Forums » #117 - DFDL v1.0 Revision »
Request clarifications of the Escape Schemes.
Added by Taylor Wise about 9 years ago
- Does any character effectively escape the block start or is the block start inside the data a syntax error (is a valid escape block start only one that appears at the beginning of the data?).
- Does an end block have to be followed by the delimiter (optionally padding first) or does the absence of a delimiter mean that it is not an end block?
- Without an escape block start are the escape escape characters still interpreted.
- Does extra escape characters require escape kind = escapeCharacter.
- What is the appropriate behavior for the following:
Assuming escapeBlockStart="Start", escapeBlockEnd="END", escapeEscapeCharacter="!"
,4StartStart1!!23END4!ENDEND, ( comma is delimiter)
Replies (5)
Action 235 RE: Request clarifications of the Escape Schemes. - Added by Michael Beckerle almost 9 years ago
Added action 235 to subject line.
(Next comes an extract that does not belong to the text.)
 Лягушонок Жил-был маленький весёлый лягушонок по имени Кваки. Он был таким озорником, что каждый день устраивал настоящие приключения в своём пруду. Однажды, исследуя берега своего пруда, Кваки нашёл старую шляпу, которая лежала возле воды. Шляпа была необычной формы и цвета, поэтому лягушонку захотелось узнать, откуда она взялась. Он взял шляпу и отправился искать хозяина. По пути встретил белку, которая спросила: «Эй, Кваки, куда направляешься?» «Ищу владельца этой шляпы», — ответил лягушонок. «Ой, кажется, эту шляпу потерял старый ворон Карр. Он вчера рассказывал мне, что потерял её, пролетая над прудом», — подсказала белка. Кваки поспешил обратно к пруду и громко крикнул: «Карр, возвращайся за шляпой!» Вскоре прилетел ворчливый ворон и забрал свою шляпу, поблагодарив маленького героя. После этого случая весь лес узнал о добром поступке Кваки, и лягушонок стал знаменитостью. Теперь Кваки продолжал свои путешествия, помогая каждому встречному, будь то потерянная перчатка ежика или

Have to put something here in the body or it won't add the comment with just a subject line change (grrrr.)
Resolved - RE: Request clarifications of the Escape Schemes. - Added by Michael Beckerle almost 9 years ago
Per DFDL Workgroup discussion on Nov 12, 2013
Answers:
1. Yes
Any character effectively escapes the block start, so long as the character is not the pad character when the content is being trimmed on the left meaning it is right or center justified.
2. Yes - no lookahead. To be clear:
There may not be a delimiter. When following a block start, the block end, not preceded by an escape escape character, is always interpreted as ending the content region. It may be followed by a delimiter if that is what is expected in the model; however, there is no lookahead for the delimiter or anything else.
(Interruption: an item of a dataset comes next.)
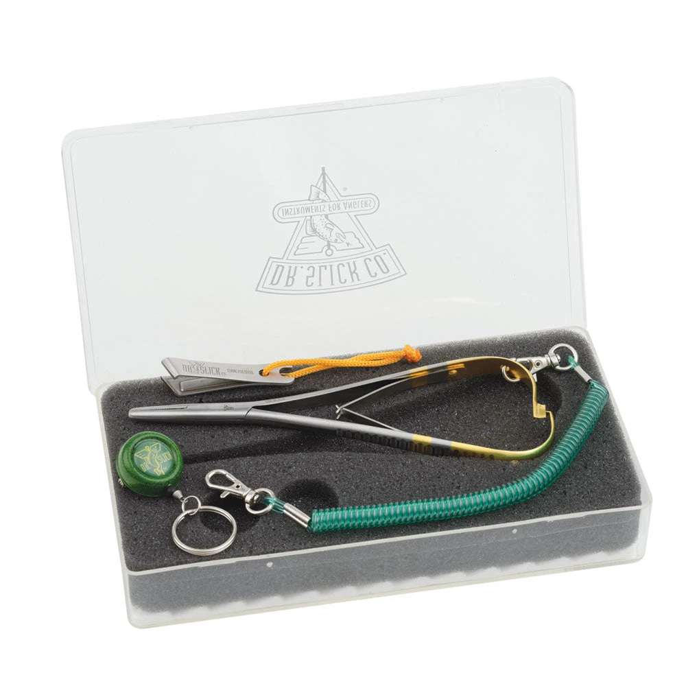Each set includes a Mitten Clamp, nipper, zinger reel and a large ripple foam fly box.

For an element with dfdl:lengthKind='delimited', it is a processing error if the block end is not followed by optional padding and a delimiter.
3. No - without a block start nothing will be interpreted as an escape escape character nor as a block end.
4. No - For escapeKind="escapeBlock" presence of any of the extra escaped characters in the data implies that the data must be surrounded by the block start and block end when unparsing. This is stated in the spec. See dfdl:generateEscapeBlock.
5. <SMH>Taking the example above: ,4StartStart1!!23END4!ENDEND, ( comma is delimiter).
a) If the leading '4' is not trimmed as a padding character, then the escape block start is not treated as such because it is not at the start of the data, so the infoset contains '4StartStart1!!23END4!ENDEND' - no escaping is applied.
b) If the leading '4' is trimmed as a padding character, then the first 'Start' is treated as escape block start, and the first unescaped 'END' is treated as escape block end. The '4' after 'END' may also be trimmed as a padding character if justification is 'center'. But the first '!' will cause a processing error, because the next character is expected to be the ',' delimiter.
Once you find an unescaped block end, you are done and no longer in an escaped block. The only thing that can follow it then is optional padding (if allowed on the right), or any delimiters.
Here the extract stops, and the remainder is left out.